#### TASK PROMPT:
Return each line of the listing exactly, though without its images.

#### STORED DATA:
+++++

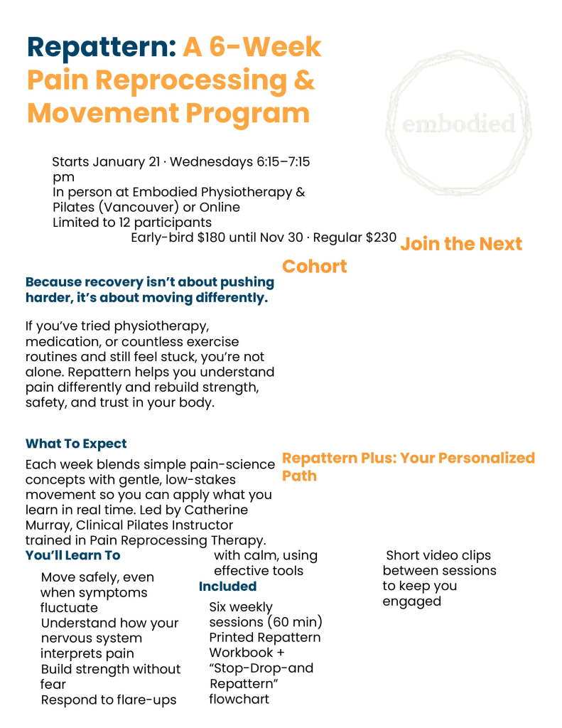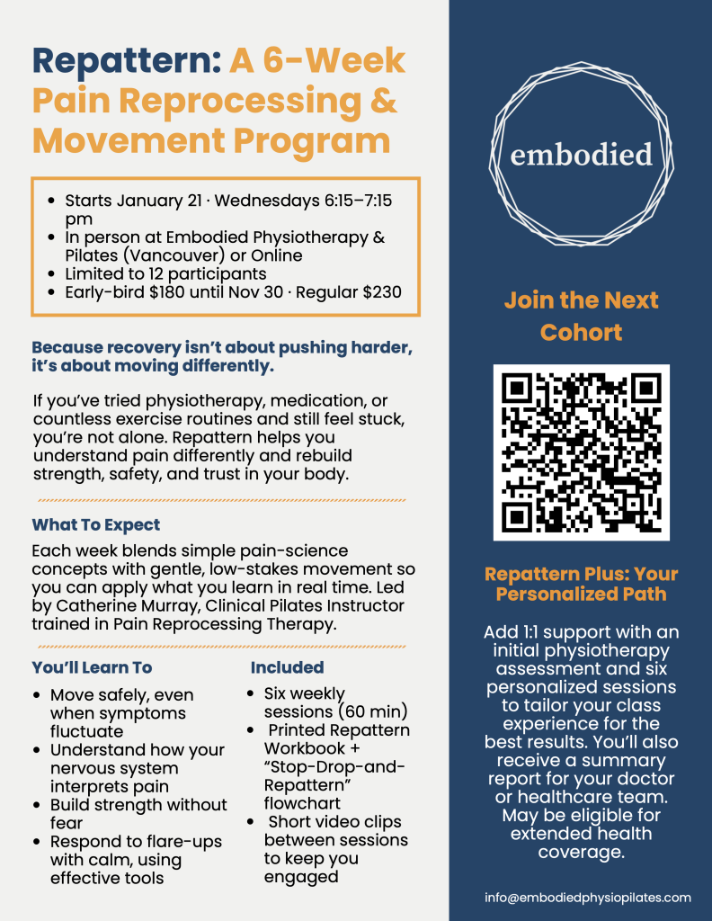 📧 To book Repattern Plus, email info@embodiedphysiopilates.com, or go to our Janeapp to see immediate availability for your intake session (additional times are available).
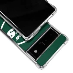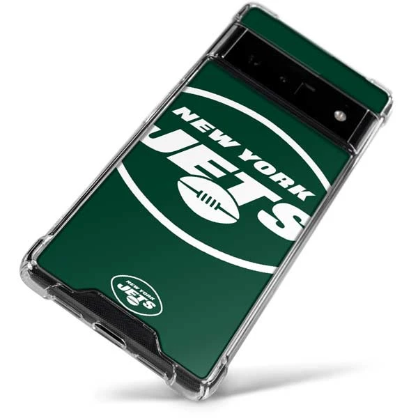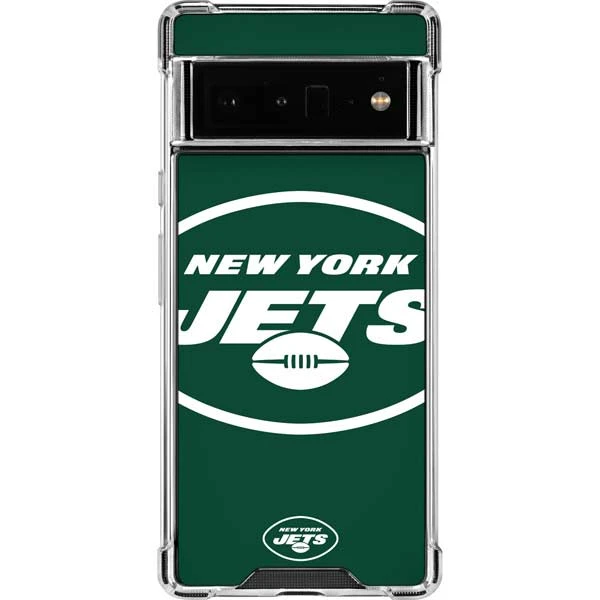 A Skinit New York Jets Google Pixel Clear Case is crafted with transparent phone case materials to guard your Pixel 6 Pro smartphone from everyday drops, scratches and dust. The 4 Corner Air-Pocket Shock Bumper makes this Pixel 6 Pro case a must-have accessory if you want to shield your Google Pixel in a stylish, minimalistic way. Decorated with the New York Jets Large Logo 3M vinyl decal skin, you’ll love how this is New York Jets Clear Case for Pixel 6 Pro looks on your Google smartphone!
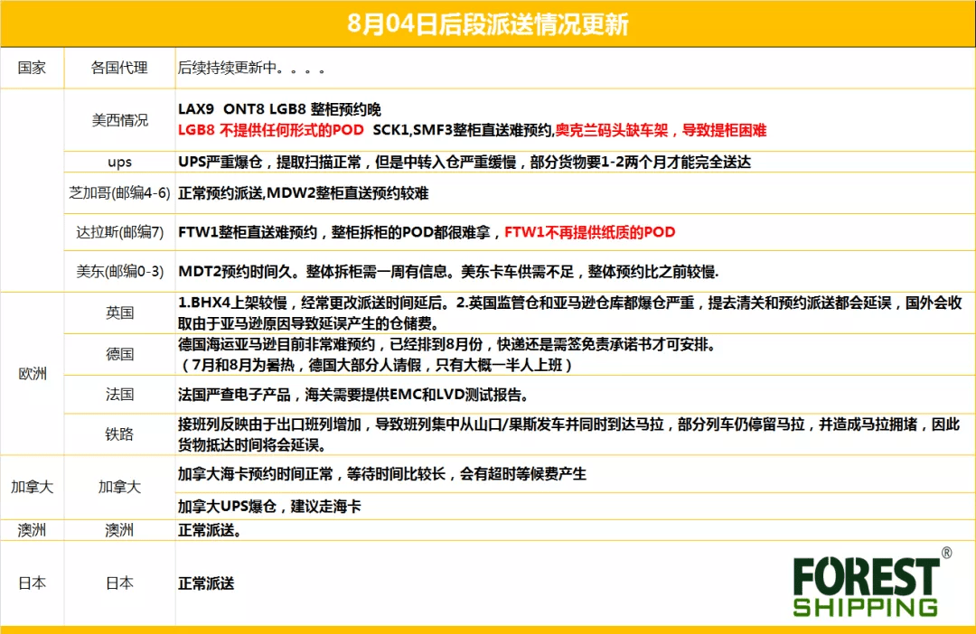 以上这些是导致后端派送几近瘫痪的原因,但也不是所有国家所有区域都是这样的,为此我们整理了8月4日各个国家后程派送的真实情况供大家参考。

+++++

#### RESPONSE BOX:
 📧 To book Repattern Plus, email info@embodiedphysiopilates.com, or go to our Janeapp to see immediate availability for your intake session (additional times are available).
 A Skinit New York Jets Google Pixel Clear Case is crafted with transparent phone case materials to guard your Pixel 6 Pro smartphone from everyday drops, scratches and dust. The 4 Corner Air-Pocket Shock Bumper makes this Pixel 6 Pro case a must-have accessory if you want to shield your Google Pixel in a stylish, minimalistic way. Decorated with the New York Jets Large Logo 3M vinyl decal skin, you’ll love how this is New York Jets Clear Case for Pixel 6 Pro looks on your Google smartphone!
 以上这些是导致后端派送几近瘫痪的原因,但也不是所有国家所有区域都是这样的,为此我们整理了8月4日各个国家后程派送的真实情况供大家参考。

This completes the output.